C’est ainsi que M. Barrès réunit, comme leur noyau intelligible, au centre de ces beautés, le Conseil des Dix romantiques qui, après les rois exilés de Candide, ont promu Venise à son éminente dignité de mélancolie poétique. Chateaubriand, Gœthe, Byron, Musset, George Sand, Léopold Robert, Taine, Wagner. Les dix sont ici neuf, parce que la place du dixième est réservée, — M. Barrès sait et le lecteur voit à qui. Il semble d’abord que ce dixième manque : en réalité, M. Barrès n’a demandé aux neuf que des traits pour que chacun d’eux reçoive le visage du dernier, soit incorporé, comme les intercesseurs de l’Homme Libre, à son Église intérieure. M. Barrès figure les Dix de Venise en se plaçant entre deux glaces, en énumérant les visages qu’il s’aperçoit ; les Dix sont tous où il est, il peut taire sans fausse modestie le nom du dixième.

C’est Chateaubriand et Gœthe qui à Venise « cherchaient des formes pour incarner avec plus de noblesse une idée d’exil ».

Byron. C’est le méchant, l’amateur de souffrance, le néronien que tout romantique porte en lui. Ainsi, dans les sept Lorrains des Déracinés, où M. Barrès a extériorisé et poussé à leurs conséquences ses propres possibilités, il y a celui qui est amené à tuer, à lutter pour la vie selon l’instinct primitif, Racadot. Byron « a fait souffrir, torturé tout le monde autour de lui : il a aussi exprimé les plus nobles idées. C’était très naturel qu’il y fût sensible. Dans chacune de nos tourmentes françaises, n’avons-nous pas vu des personnages qui étaient, en même temps que des bandits, les êtres les plus accessibles aux grandes causes généreuses et capables de se faire tuer pour elles ? »

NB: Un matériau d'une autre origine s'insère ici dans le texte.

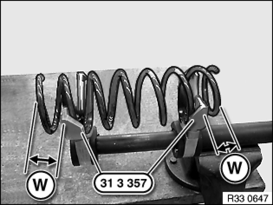 Accommodate coil spring with special tools 31 3 357 31 3 350 Spring Holder in such a way that both ends of coil spring are approx. one coil (W) outside special tools 31 3 357 31 3 350 Spring Holder.
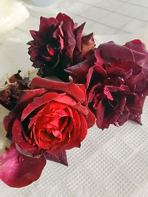 今ごろはまだ虫の被害にもあわず元気満々 深紅の薔薇フランシス デュプレイが 素晴らしい薫りを届けてくれました 薔薇のお茶にするために花びらをほぐして乾かしておきます (何でも食べちゃう) ![]() |

Musset, l’impaludé-type de Venise, et George Sand. George Sand qui dans les Dix s’oppose à Byron comme Saint-Phlin, parmi les Sept, est placé au pôle opposé à Racadot. « J’admire dans la romancière apaisée du Berry une racinée qui, des déracinements mêmes dont elle pâtit, sut faire sortir une démonstration très forte que l’acceptation d’une discipline est moins dure, au demeurant, que l’entière liberté. » Un des plaisirs que Venise ménage à M. Barrès, c’est que dans ce monde de pierres et de couleurs lui apparaît plus fine, plus attendrie et plus végétale l’image de la Lorraine. Il faut cette vie des lagunes, de reflets et d’eau pour projeter plus intense l’idée de racines terrestres.